Graves heard a moose that had fallen through the ice and was stuck. The large animal had created a large hole where the ice was broken as he was trying to get out, but was unsuccessful. Graves said he just happened to be in the right place at the right time.

Graves, a pharmacist at the nearby Alaska Native Medical Center, said he proceeded to call 911 dispatch, where he was then transferred to the state Department of Fish and Game. Cory Stantorf, an assistant area biologist for Fish and Game in Anchorage, said the department always advises the public to avoid encounters with wildlife, even if it means abandoning a helpless animal.

“We understand that that pulls on the heartstrings, and there’s a lot of emotion behind it, but we really recommend that people reach out to Alaska Wildlife troopers or the closest Fish and Game office,” Stantorf said.

In this case, Graves says the department also said it couldn’t do anything to help. He was told he needed to let nature take its course, which he found upsetting.

At this point, Graves believed the animal was going to die and there was no way for it to get out. Graves said the moose appeared exhausted and couldn’t fight anymore.

“I’m like, well, not going to do that, so give me a ticket if you want, but I’m at least going to give it a shot to help it out,” Graves said.

He said it would be hard for him to walk away or see it drown. Other people in the area wanted to do something but just didn’t know what to do.

“You can’t just watch something or somebody suffer and just walk by, even though you know I was expected to,” Graves said.

He then gathered a team and a rope.

“We got it around the antlers and started pulling, and then one of the antlers broke off because this time of the year they break off anyway, but we were able to — all of us — start pulling at the same time, and we got a little bit at a time, and during that time, Fish and Game actually called me and I was on the phone and pulling with one hand, and they said don’t touch the moose, and I said, too late,” Graves said.

As soon as the moose was out of the lake, Graves says it was lying on its side on the ice, and seemed to be suffering from hypothermia. Graves said he ran home to get a tarp and blanket, but upon his return, the moose seemed to be doing better.

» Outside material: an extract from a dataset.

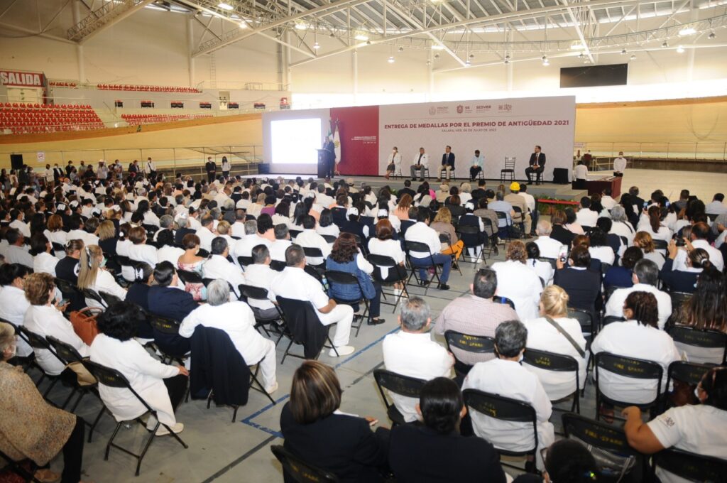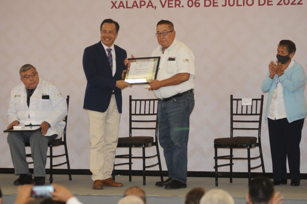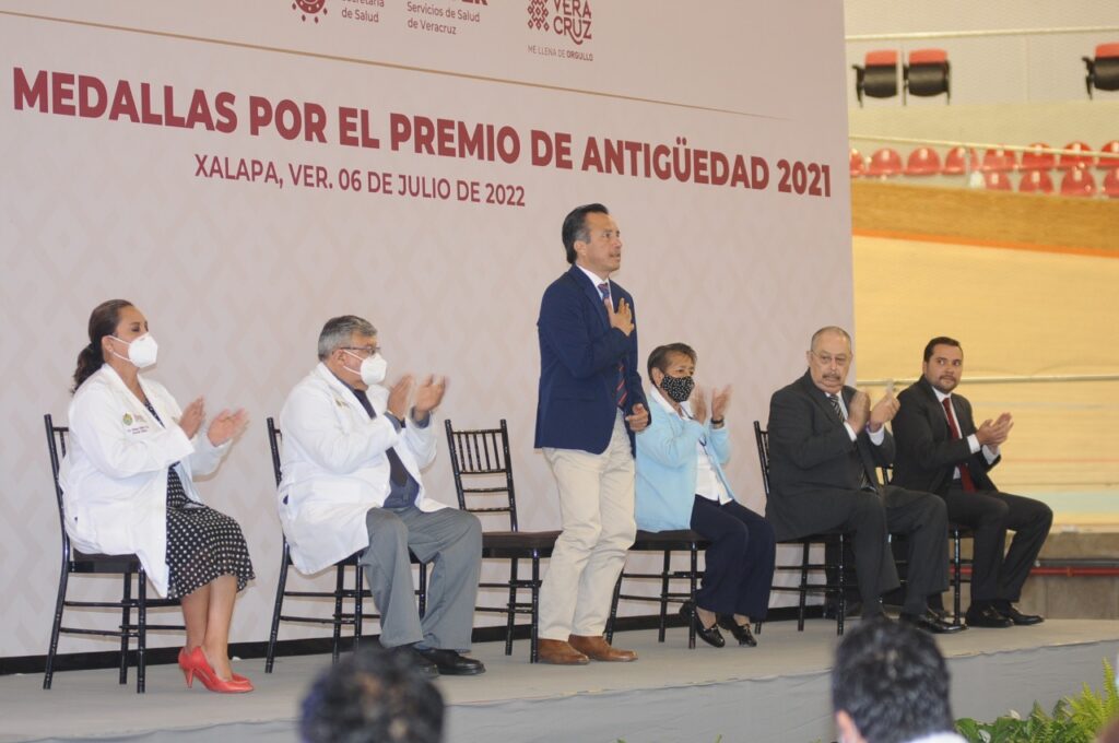 Desde el Velódromo Internacional de Xalapa, que durante la contingencia sanitaria funcionó como Centro de Atención Médica Expandida COVID-19, el mandatario y el titular de la dependencia, Gerardo Díaz Morales, entregaron el Premio de Antigüedad 2021 consistente en medalla y diploma a personal de diversas áreas.

Fish and Game ended up coming out to check on the moose, but by the time biologists got there, the moose was up and walking.

“We appreciate that people care about our wildlife in our town, we just don’t want them taking unnecessary risks where they might get hurt,” Stantorf said.

Graves said there were multiple good Samaritans that helped with the rescue, including an older woman who left her coat on top of the moose.

“You know, for me to walk away or just watch it drown, I’m not going to do that,” Graves said. “I’m going to do something to help it out. Just give it a chance, I mean, that moose could go off and get eaten by wolves or hit by a car, but at least it’s not going to die that way.”

Graves says whether the moose survives or not, it at least has a better chance now.

Fish and Game recommends the public reach out to Alaska Wildlife Troopers, or contact the closest Fish and Game office, if they come across a situation involving wild animals.